Drawing on its riser design and construction history, 2H Offshore has developed a system to proactively monitor flexible riser performance. With this system, an operator can optimize inspection and maintenance planning and detect progressive failures before complete compromise to improve safety and prevent environmental impact. The process also can provide early detection of unexpected motion-induced damages and can verify the design suitability for a particular application.

Whether for FPSO, spar, fixed platform, etc. the 2H Offshore approach to riser integrity management starts by collecting design, fabrication, and installation details. That information is used to establish work parameters for the riser system. Then, those details are incorporated into a set of key performance indicators. The indicators are used to set trigger points for inspections and interventions. In order to set these triggers to action, the defined performance indicators are compared to data sets on a risk matrix incorporating the chances of a given event occurring and the degree of criticality to the entire system resulting from that event.

This presumptive data is compared to the actual field returns, and that is used to update the working parameters and defined performance indicators over the life of the riser. This cycle of feedback is continually updated to optimize the installation’s operating plan, inspection routines, and intervention prediction and scheduling.

Observations and data routinely collected as part of the integrity management program come from several sources and can be stored in several places. Riser monitoring hardware, ROV inspection video, and metocean and production history data all can be collected, saved, and analyzed, with the data points being collected into a database for future reference. The data can go into an intelligent management system onboard the offshore production facility where it is processed and produces alarms at predefined threshold points. The data also can be sent anywhere via satellite or Internet for storage, additional monitoring and processing, management reports, and determination of long-term trends.

The 2H monitoring system integrates 2H INTEGRI products using sensors to monitor motions, angle fluctuations, tension variations, armor wire failure, hydrocarbon leakage, and annulus pressure. Location of the various sensors is critical to collecting useful data.

Armor wire failure sensing is new and provides direct indication of pipe degradation and loss of integrity. A single wire failure is not so critical, but can lead to a knock-on effect where load redistribution causes subsequent wire failure. Detecting this is an important step in flexible pipe monitoring. This capability has been developed by 2H and qualified by Petrobras in recent full-scale tests in Rio de Janeiro, Brazil.

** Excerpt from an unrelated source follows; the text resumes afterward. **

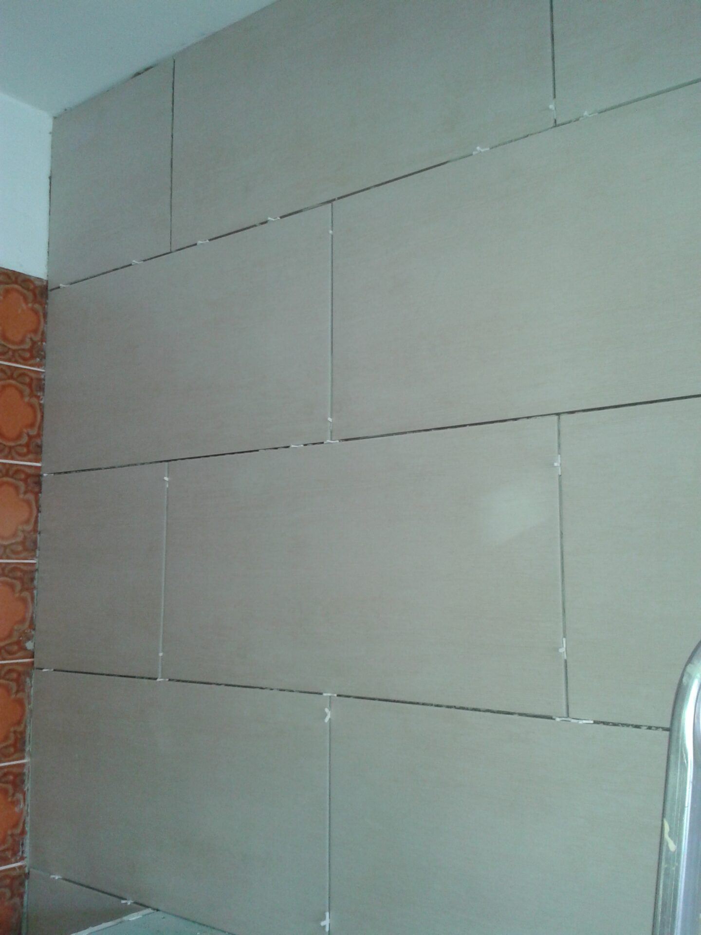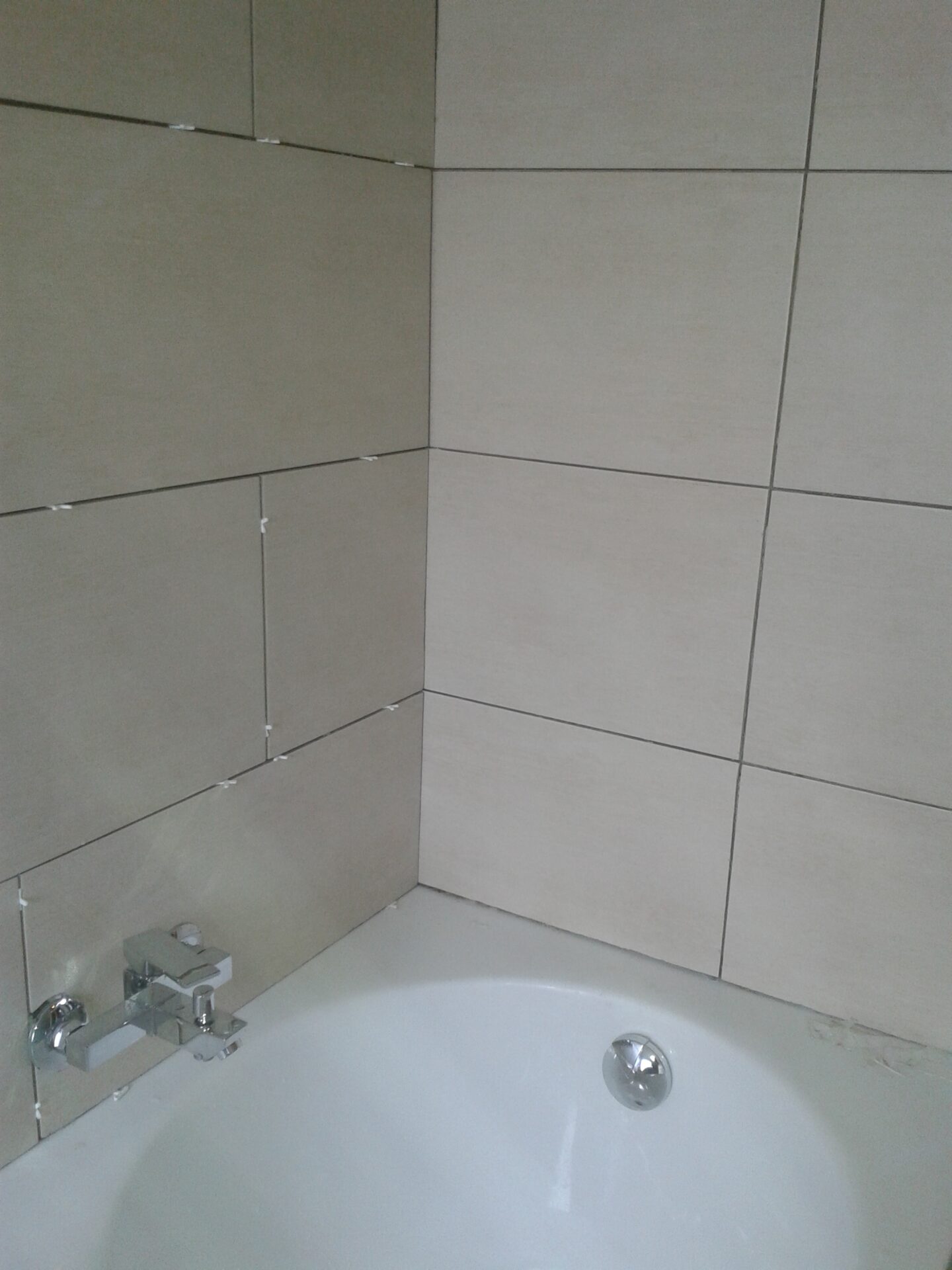 Nachdem der Untergrund eben und trocken war konnte ich den Fliesenkleber anrühren. Dafür habe ich einen Flexkleber verwendet. Dieser wurde von mir mit einem speziellen Rührer, den man an der Bohrmaschine anbringen kann, nach Angabe des Herstellers angerührt. Man sollte immer nur soviel Kleber vorbereiten, wie man gerade verarbeiten kann, denn er ist nur eine bestimmte Zeit verarbeitungsfähig. Es gibt aber auch schon fertigen Fliesenkleber den man sofort aus dem Eimer auftragen kann. Für einen sicheren Halt der neuen Fliesen, muss der alte Fliesenbelag mit einer dünnen Schicht Fliesenkleber abgespachtelt werden. Der Kleber wird mit einer Glättekelle glatt auf die Fläche aufgezogen. Dadurch werden auch die alten Fugen und schadhafte Stellen ausgeglichen. Anschließend wird der aufgetragene Fliesenkleber mit der Zahnkelle durchgekämmt. Will man Wände und Boden fliesen, sollte man erst die Wände machen. Plane vorher wie es hinterher aussehen soll. Natürlich darf man die Aussparungen für Steckdosen und Armaturen nicht vergessen. Diese haben uns Ärger bereitet, da wir Fliesen aus Feinsteinzeug hatten. Da Löcher rein bekommen war wirklich schwierig. Es gingen einige Bohrer kaputt, bis ich nach langer Suche bei Amazon auf diesen Diamantbohrer gestoßen bin. Den gibt es in verschiedenen Größen und es hat wirklich hervorragend funktioniert. Wir hatten große Fliesen die recht schwer waren. Deshalb haben wir sie von unten nach oben verarbeitet. Bei kleinen Fliesen kann man auch in der Mitte anfangen. Wir haben Fliesen in drei Farben verarbeitet. Beige für die Wände, Rotbraun für die Vorwandinstallation und einen Streifen der Wanne und Dunkelbraun für den Boden.

Petrobras employs flexible risers in most of its offshore and deepwater operations. There are some 1,200 flexible risers in use in Brazil to transport about 80% of all oil and gas. Outside of Brazil, there were more than 1,000 flexible risers at use in the UK section of the North Sea in 2001.

Damage history

When failures have occurred, research indicates that most of the damage has been found in the topmost 30.5 m (100 ft) of water. Of those, 66% of the failures that occurred during installation were due to contact with the platform or another riser. Damage in the tensile armoring came from corrosion and fatigue.

Wire rupture test monitoring results.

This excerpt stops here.